======== Record excerpts ========

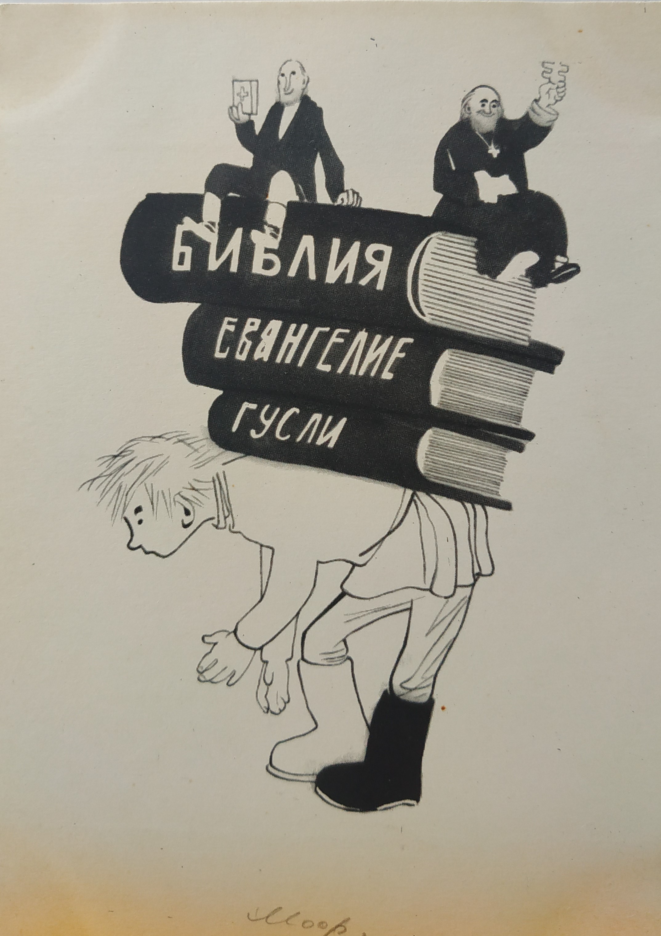 Церковники, православные и протестантские, изображены как нахлебники, «сидящие на шее» у народа. А «груз» с надписью «гусли» (рис. 3) призван символизировать отказ от архаичных традиций, в числе которых находится и религия.
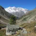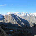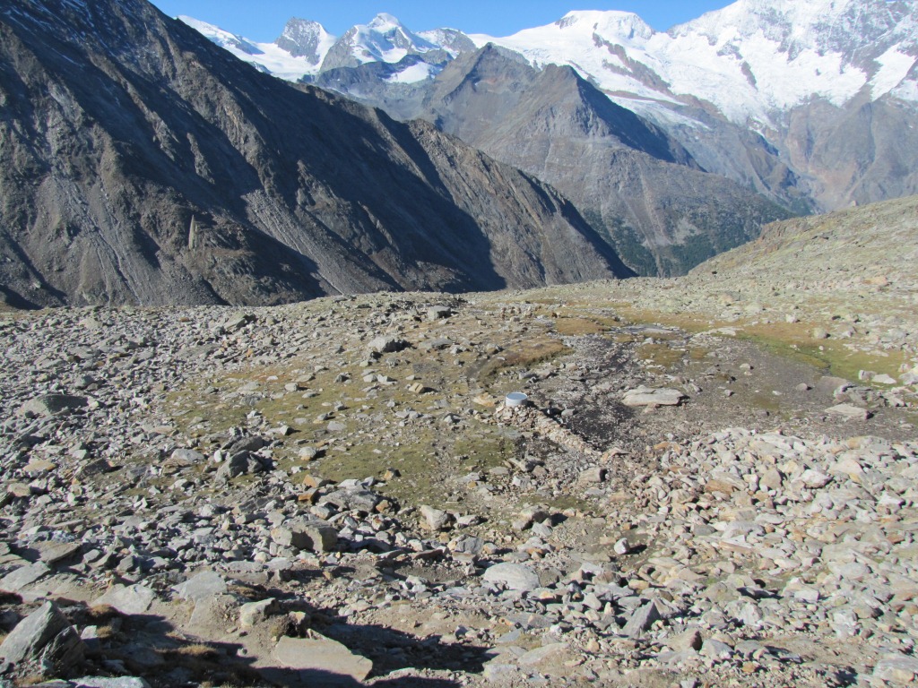 Blick auf den Zwischbergengletscher. Der Gletscher ist mit einer dicken Geröllschicht überdeckt Datum 27.01.2014
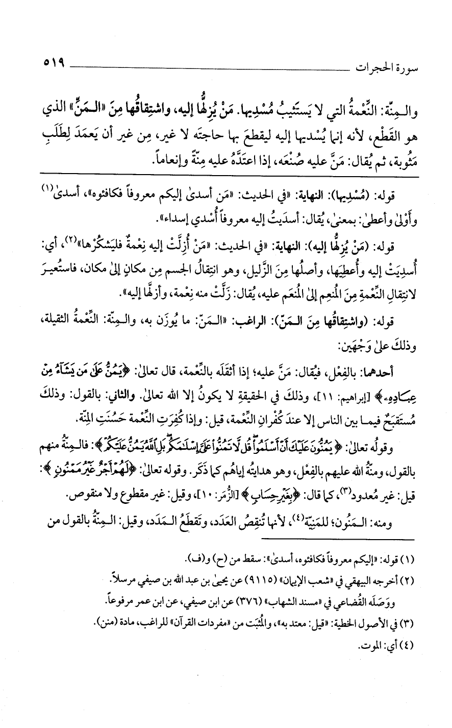 قوله: (واشتقاقها من المن): الراغب: "المن: ما يوزن به، والمنة: النعمة الثقيلة، وذلك على وجهين:
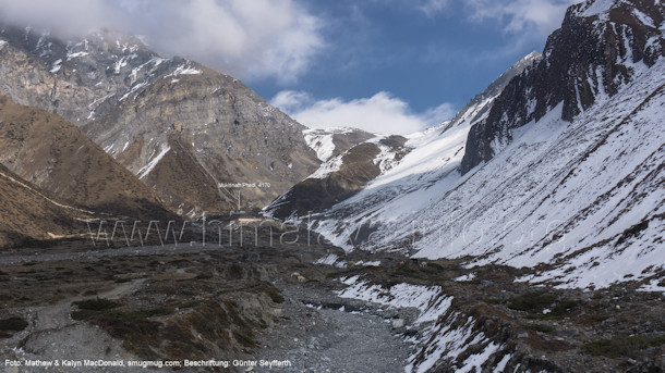 Hangkante vor der Annapurna III und dem Gipfel 4 km beträgt und dass dort
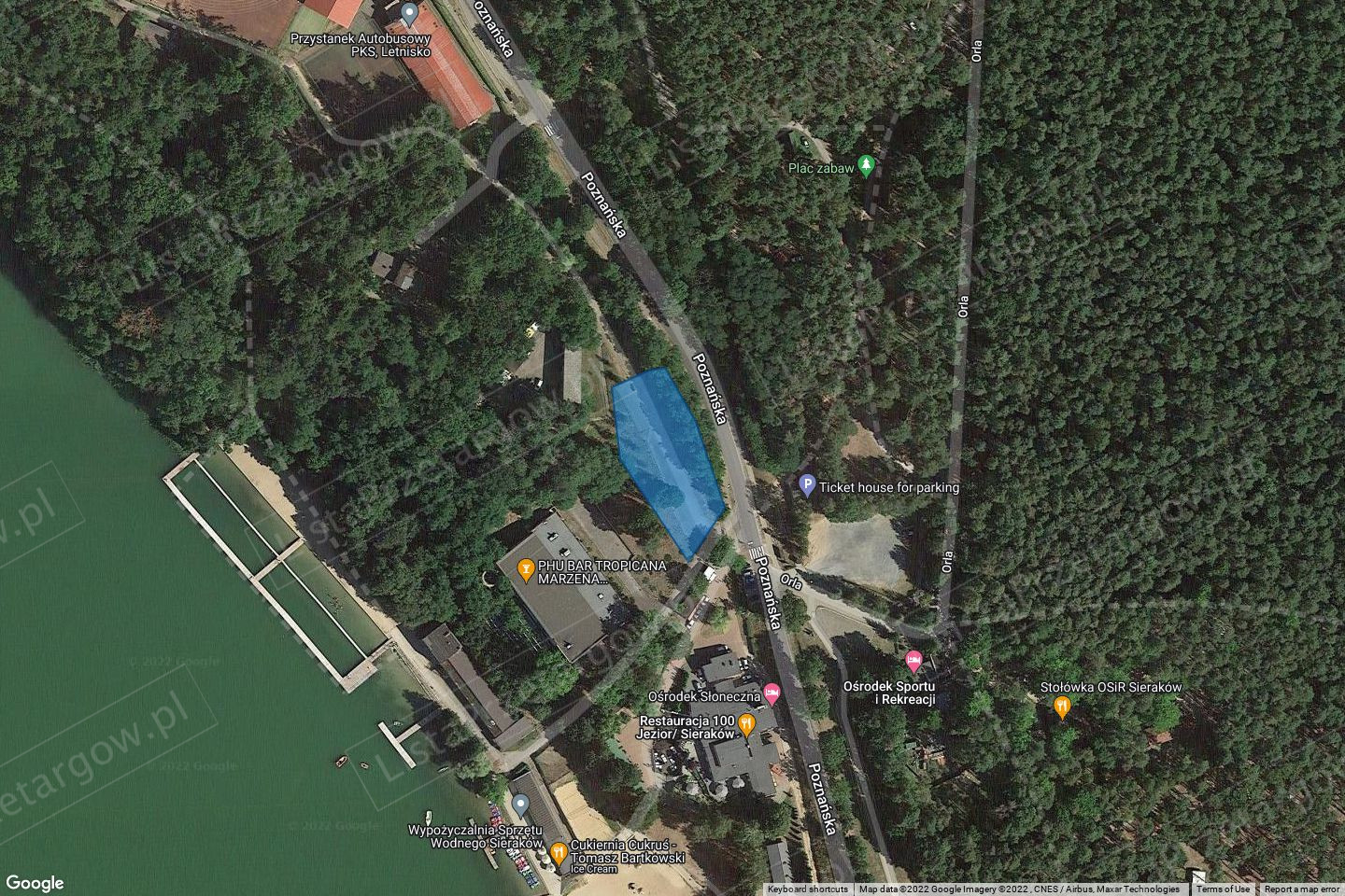 Nieruchomość gruntowa będąca własnością Skarbu Państwa w użytkowaniu wieczystym Gminy Sieraków położona jest w Sierakowie w sąsiedztwie Jeziora Jaroszewskiego, na którą składają się trzy zabudowane działki gruntowe oznaczone numerami 2010/5 o powierzchni 0,1844 ha, 2010/6 o powierzchni 1,6422 ha i 2010/8 o powierzchni 0,1416 ha. Łączna powierzchnia nieruchomości wynosi 1,9682 ha.
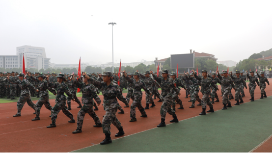 "All rise for the national flag and anthem!" With the solemn and stirring national anthem, the freshman military training summary ceremony officially commenced. At the ceremony, spirited performances of capture-the-enemy boxing, bayonet drills, and dagger drills by the instructors were showcased in sequence. The cheerleading performance by the School of Physical Education was equally impressive, adding vitality to the event. Subsequently, the freshmen marched past the rostrum in orderly formation to the rhythm of the march music, demonstrating the results of their military training and their high spirits as they embarked on a new journey of growth.
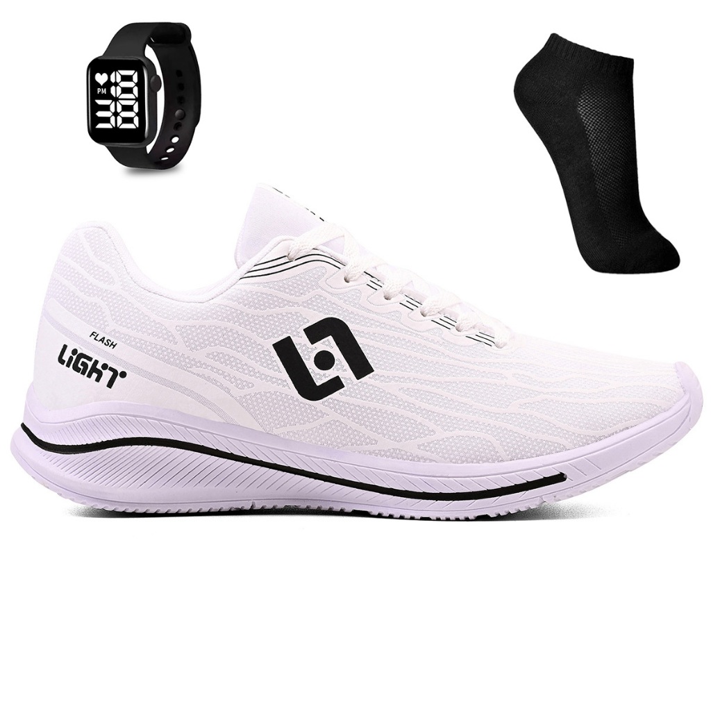 Tenis Masculino Feminino Esportivo Treino Academia Corrida Light Sport + Meia e Relogio
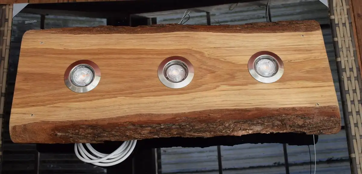 Deckenleuchte Eiche mit Rinde , 3 LEDs dimmbar , 69cm Länge ,Oberfläche geölt (Leinoelfinis)
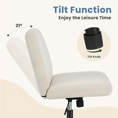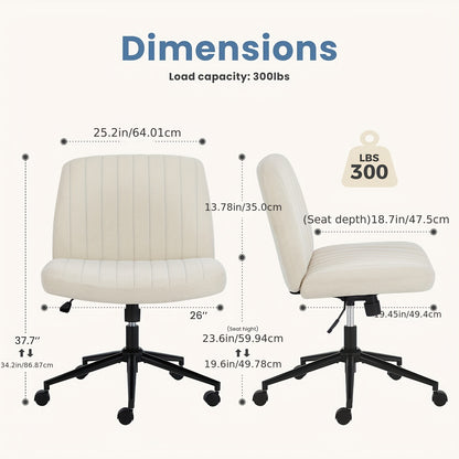 Criss Cross Office Chair with Wheels - Wide Armless Desk Chair, Adjustable Swivel, Comfy for Home and Vanity
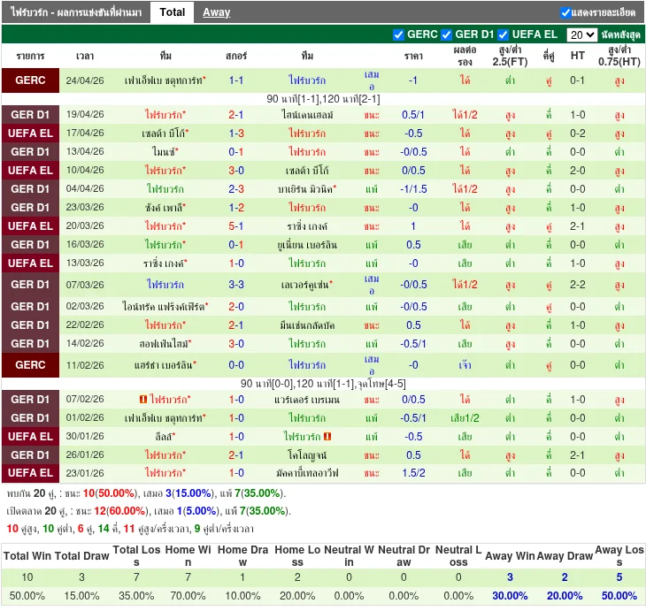 ฟอร์มทีมเยือน: ไฟร์บวร์ก
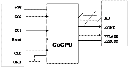 В сопроцессоре на вывод FPBUSY подается единичный сигнал указывающий на то, что сопроцессор занят. По линии FPINT выдается сигнал прирывания в случае ошибки. Назначение остальных выводов такое же как и у ЦП.
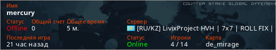 Играет на Counter Strike Global Offensive сервере. Страна: КазахстанПервый раз замечен 21:14 17.12.2025
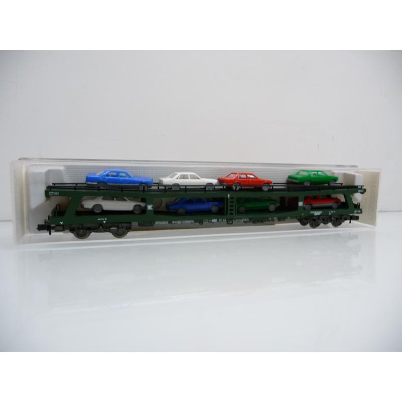 » » » » Fleischmann N 8285 Autotransportwagen grün der DB beladen mit 8 Modellautos
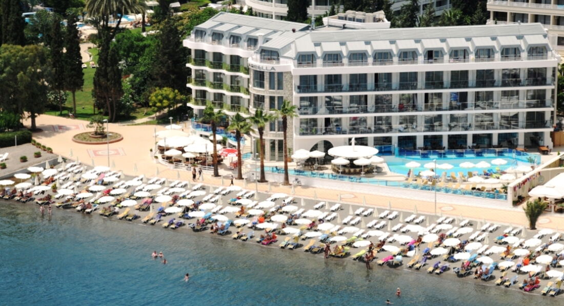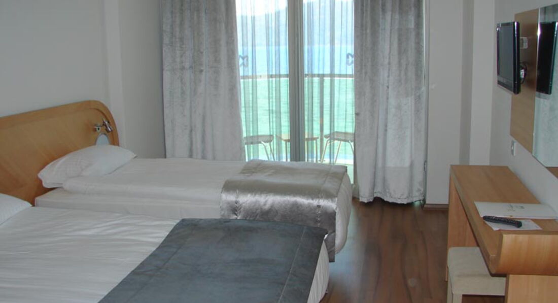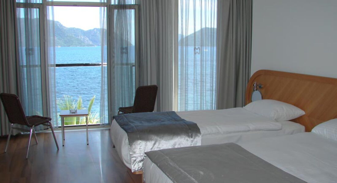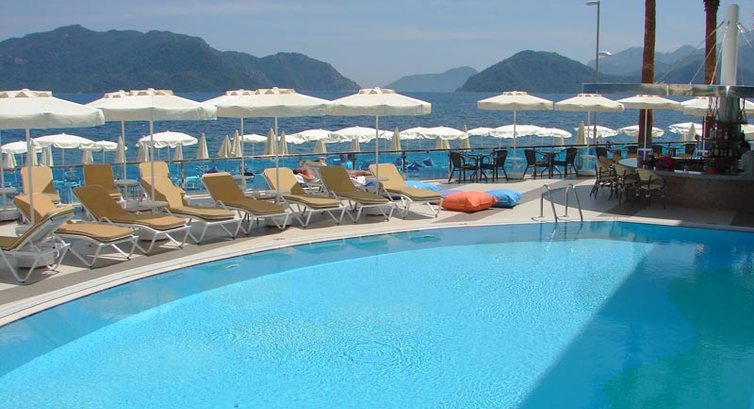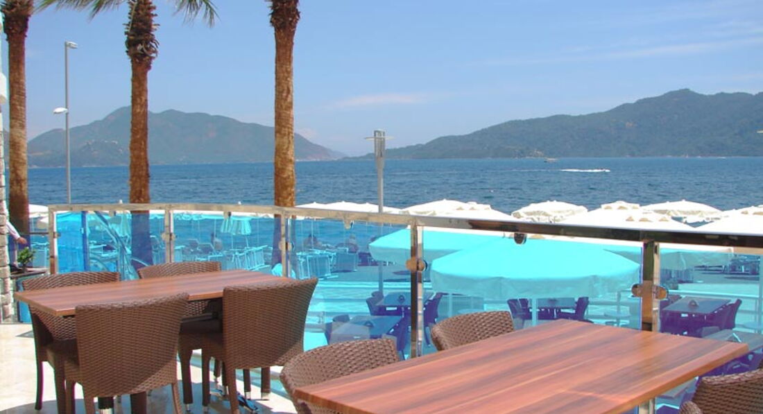 Отель не понравился, но не хотелось портить себе отпуск и зацикливаться на недостатках, поэтому, закрыв глаза на многие вещи, отдохнула очень даже неплохо. Ожидала намного большего, прочитав тут отзывы. Понятно, что это 3-ка, но все же некоторые вещи очень расстроили. Соглашусь с тем, что большой плюс этого отеля в том, что находится он на первой линии и имеет свой пляж (маленький, скромненький с серым песочком) - это его как-то реабилитирует.Вообще в Мармарисе нет шикарных пляжей, все очень компакто и скромно, узенькая полоска пляжа, вдоль которой многоклиметровый променад ,где приятно прогуляться вечером! Убил ресторан. Даже не скудностью еды, это можно пережить, голодным,думаю, никто не был, а какой-то неопрятностью ужасной. Он находиться на улице, вокруг кусты, нде живут кошки, которые постоянно выпрыгивают оттуда, лезут под стул, просят еду. А утром приборы кладут на стол без скатерти почему-то!! Есть в этом ресторане было не очень-то приятно((. Не особо-то приятные официанты со своими предложениями встретиться вне отеля..... Номер не очень чистый, в малюсенькой душевой кабинке, где еле можно развернуться, вода уходила очень плохо и постоянно попадала на пол... Вообщем , кроме прекрасного вида с балкона моего номера, отель больше похвалить не за что!
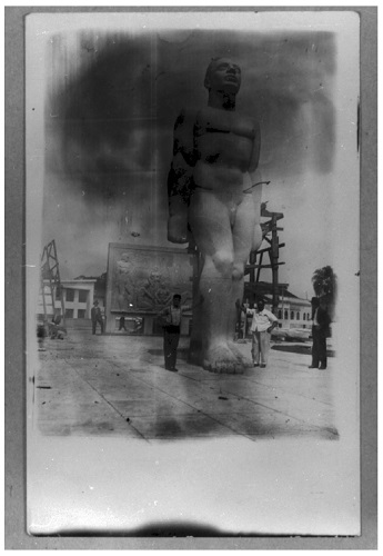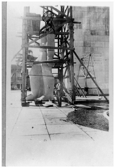 Entre as fotos recebidas por Stenzel não há nenhuma do último bloco de granito. Uma imagem curiosa guardada pelo escultor junto à correspondência, todavia, revela certa expectativa durante a instalação da estátua. Stenzel posa diante da figura envolta em andaimes, faltando-lhe a quarta e última peça, da cabeça. À caneta, foi desenhada, possivelmente por Stenzel, a silhueta faltante, como que para imaginar o resultado final. É um desenho simples, sem feições, como os primeiros modelos trocados entre os escultores (figura 7). A apreensão transmitida pela imagem antecipa as reações que se seguiram a sua instalação, quando foram revelados traços bem diferentes daqueles impressos aos modelos de argila (figura 8).
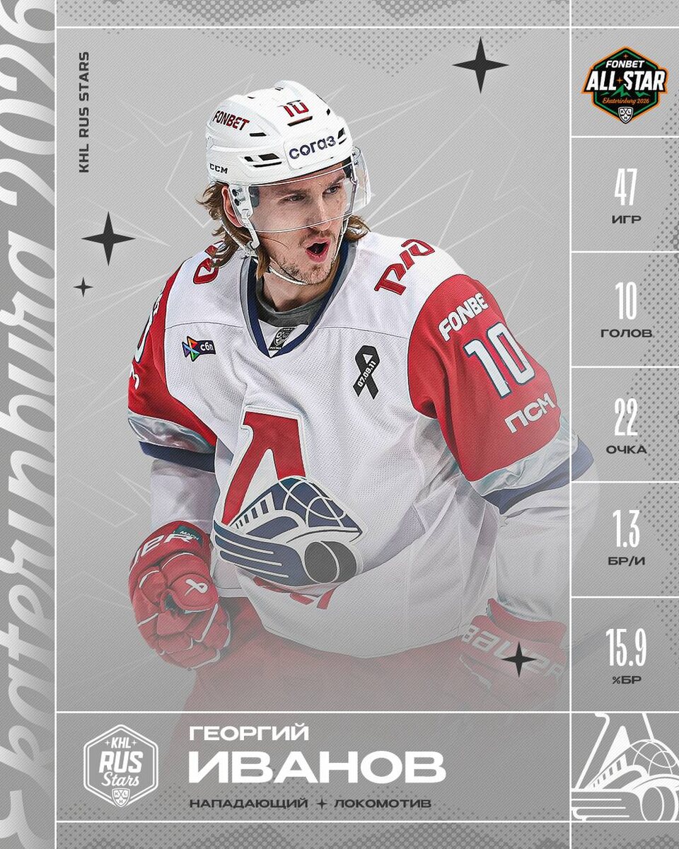 Эффективный центр «Локомотива» Георгий Иванов 🚂 впервые в карьере отправится на Фонбет Матч Звёзд КХЛ!
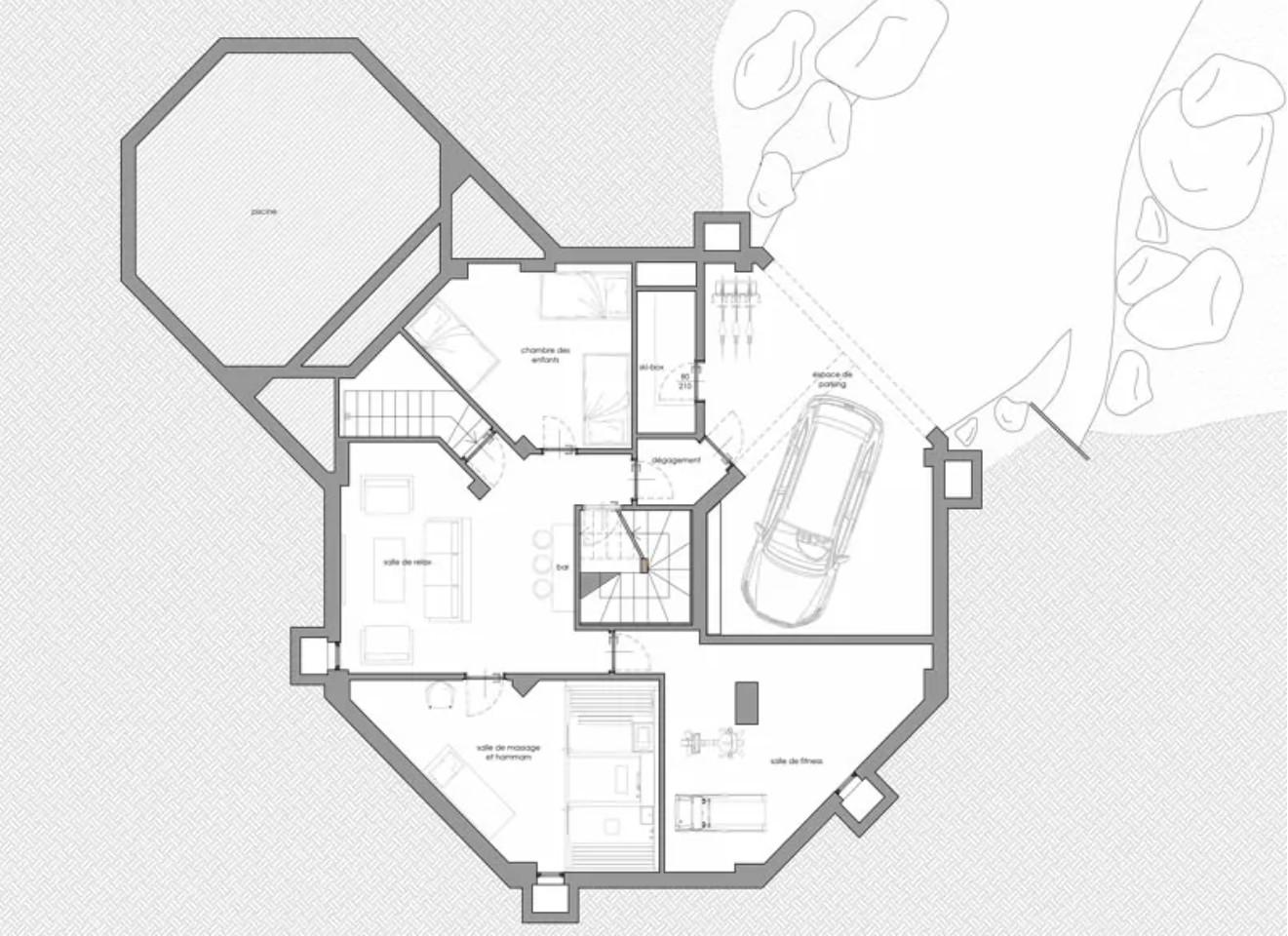 Relaxation and entertainment facilities are aplenty in Chalet Alta. An indoor swimming pool, which can be converted into an indoor-outdoor pool after opening its glass doors, comes complete with hydrojets - perfect after a day on the slopes. Set aside from the living area, it is ideal for parents to enjoy alone time whilst also keeping a watchful eye over the little ones splashing about. Downstairs, guests can make use of a sauna and steam room, separated by a shower, to further assist their relaxation in a zen setting. A massage table can be added to this room to ease any aching legs. Gym facilities and a TV snug lounge can also be found on the lower ground floor.

========

■ **Task goal**
Copy word for word every line from the start of the material through the line holding "Hangkante vor der". The pictures are not part of the copy.

■ **Task solution**
 Церковники, православные и протестантские, изображены как нахлебники, «сидящие на шее» у народа. А «груз» с надписью «гусли» (рис. 3) призван символизировать отказ от архаичных традиций, в числе которых находится и религия.
 Blick auf den Zwischbergengletscher. Der Gletscher ist mit einer dicken Geröllschicht überdeckt Datum 27.01.2014
 قوله: (واشتقاقها من المن): الراغب: "المن: ما يوزن به، والمنة: النعمة الثقيلة، وذلك على وجهين:
 Hangkante vor der Annapurna III und dem Gipfel 4 km beträgt und dass dort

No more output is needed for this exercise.